Re: XML::LibXML - parsing question!!
by Jenda (Abbot) on Dec 21, 2009 at 11:38 UTC
    I am sticking with XML::LibXML; especially because I need to be validating my input with a local schema prior to the actual parsing.

    Then validate the input prior to actual parsing and do not let the choice of validator affect your choice of parser (extractor).

    if you want to do something with the action_request/info_requoest right away:

    use strict; use XML::Rules; my $parser = XML::Rules->new( stripspaces => 7, namespaces => { 'http://www.somedomain.tld/market_reg/admin_server/1.0' => '', 'http://www.w3.org/2001/XMLSchema-instance' => 'xsi', }, rules => { _default => 'content', instance_information => 'as is', 'action_request,info_request' => sub { my ($tag,$attr) = @_; print $attr->{action}, "\n"; while ( my ($k,$v) = each %{$attr->{instance_information}} +) { print " $k: $v\n"; } print "\n"; return; }, }, ); $parser->parse(\*DATA); __DATA__ <?xml version="1.0" encoding="UTF-8"?> <instruction_request xmlns="http://www.somedomain.tld/market_reg/admin +_server/1.0" xmlns:xsi="http://www.w3.org/2001/XMLSchema-instance" xsi:schemaLocation="http://www.somedomain.tld/market_reg/admin_ser +ver/1.0 admin_server.xsd"> <request> ...

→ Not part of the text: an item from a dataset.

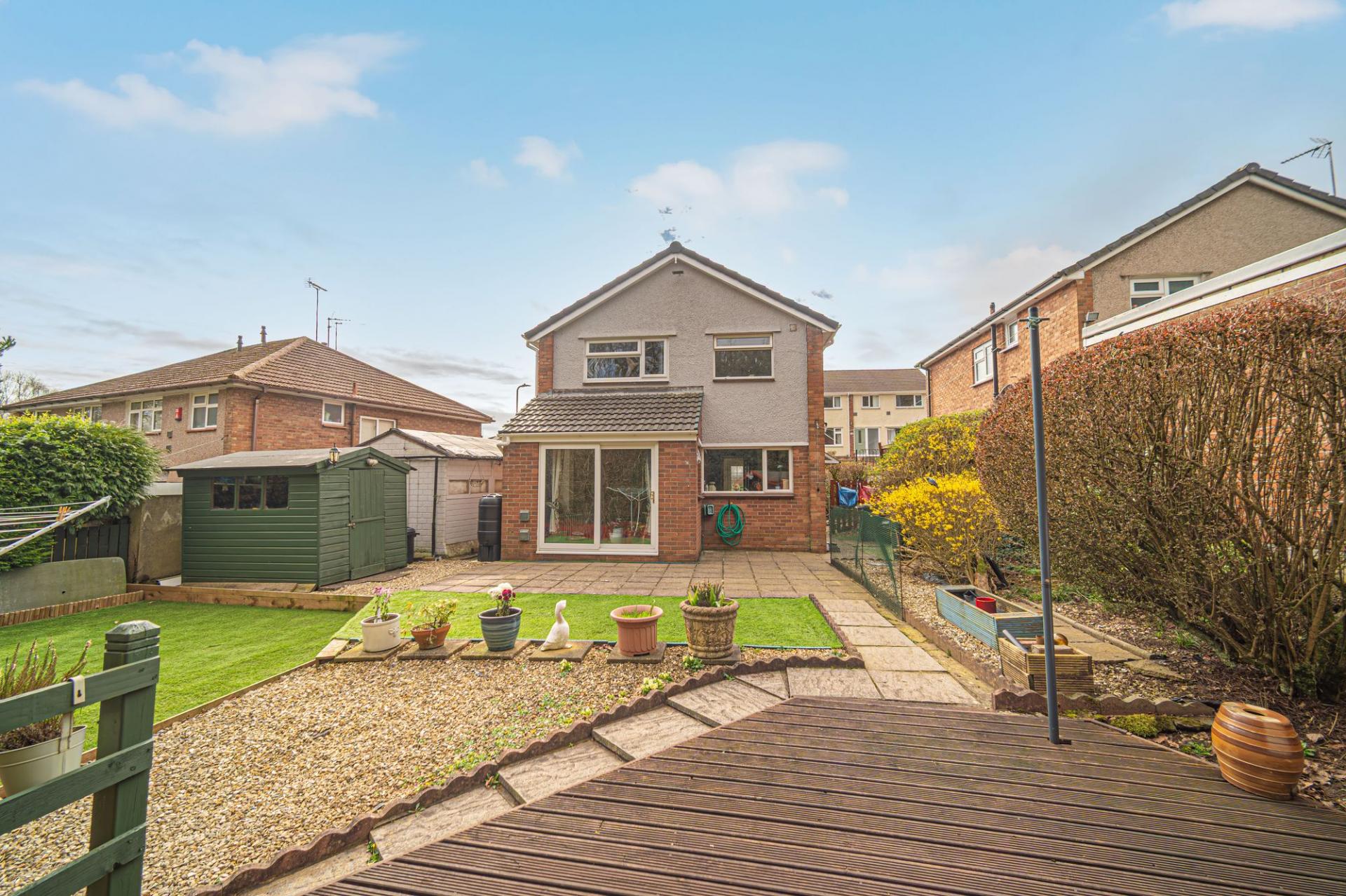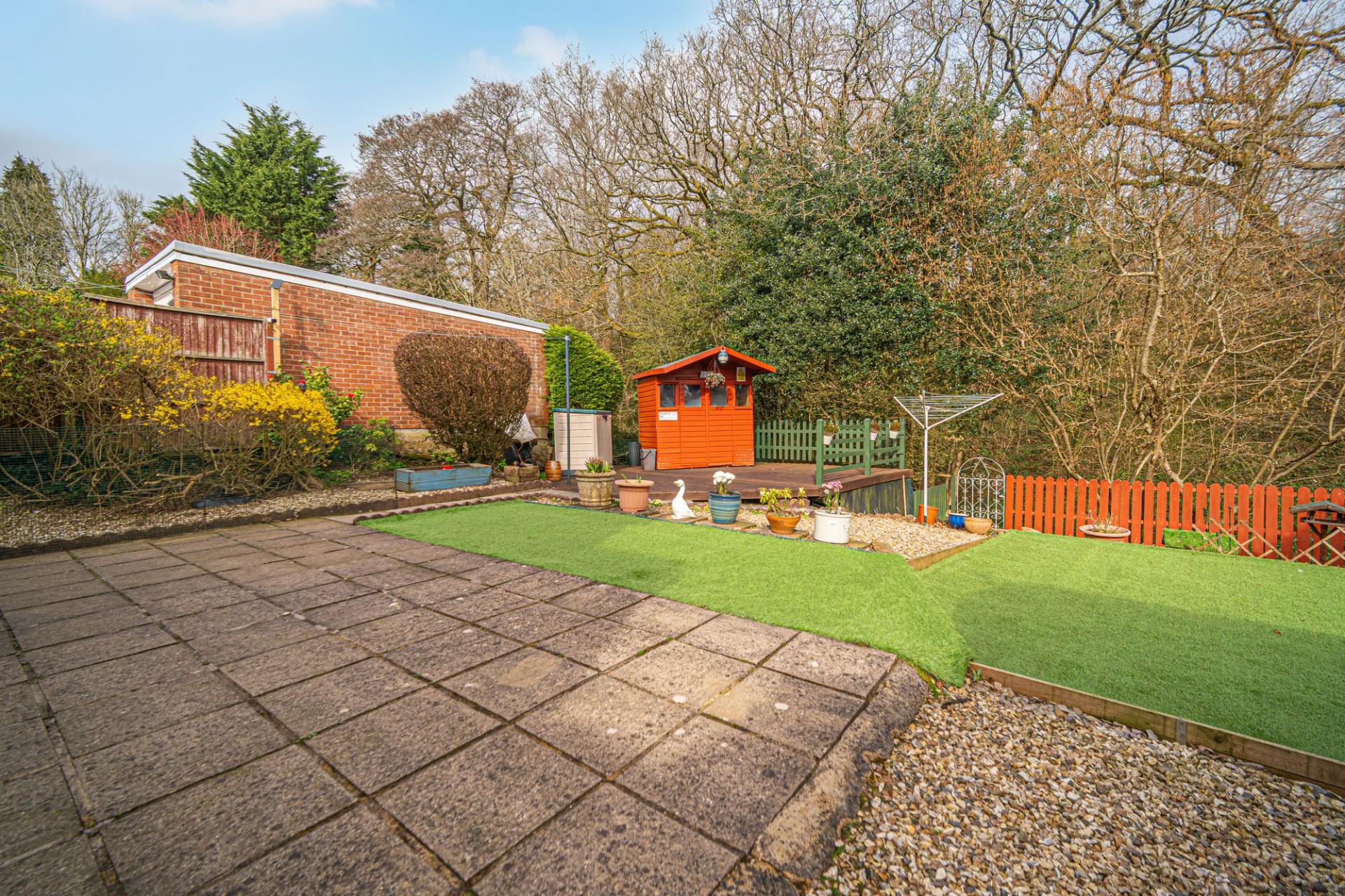 Stepping outside we have the garden, which is set on an impressive plot, with land extending past the fence line and down to the natural Brooke leading to the woodlands, offering an abundance of outdoor space for relaxing, enjoying various garden activities, as well as being perfectly suited for welcoming guests. The garden is also wonderfully low maintenance, while being comprised of a blend of several patio spaces, accented by pebble stone, turf lawn and a marvellous wooden deck, showcasing numerous spaces perfect for al-fresco dining and sunbathing. The garden is also home to a storage shed and a summerhouse cabin, which can both provide storage for garden furniture, while the latter can be utilised as a lovely garden retreat, or even be converted into a incredible bar. There is also a flat patio area at the bottom of the garden where children can play and enjoy sports, for keen gardeners to grow flowers or their own vegetables or even the possibility of a small studio or annexe which could be utilised as a gym, art studio , home business or extra living space, subject to planning permission (STPP) (No formal applications have been made).

    if you want to extract the data and just the data:

    use strict; use XML::Rules; my $parser = XML::Rules->new( stripspaces => 7, namespaces => { 'http://www.somedomain.tld/market_reg/admin_server/1.0' => '', 'http://www.w3.org/2001/XMLSchema-instance' => 'xsi', }, rules => { _default => 'content', instance_information => 'pass', 'action_request,info_request' => 'pass', 'request' => 'as array', 'instruction_request' => sub {$_[1]->{request}}, }, ); my $data = $parser->parse(\*DATA); use Data::Dumper; print Dumper($data); __DATA__ ...

    if you need to distinguish between action and info requests:

    ... 'action_request,info_request' => sub { my ($tag, $attr) = @_; +$attr->{type} = $tag; return %{$attr}}, ...

    In the first case only the data of one <request> are in memory at any time, in the others the whole data ends in memory, but trimmed down substantially.

    Jenda
    Enoch was right!
    Enjoy the last years of Rome.

      Hi Jenda,

      Thanks for the feedback.

      The idea of validating before parsing is indeed what I intend to do in my final project. I was just doing a dry run in a test script to get comfortable with the modules before making changes to my code branch.

      That being said, good thoughts!! I will take a look at the XML::Rules module. I am currently upgrading my libxml2 on my mac. It comes with 2.6.16 installed and the latest is 2.7* .... that being said, I have a pretty rudimentary regex and it should pass. It passes in my XML Editor when it validates against the said XML Schema.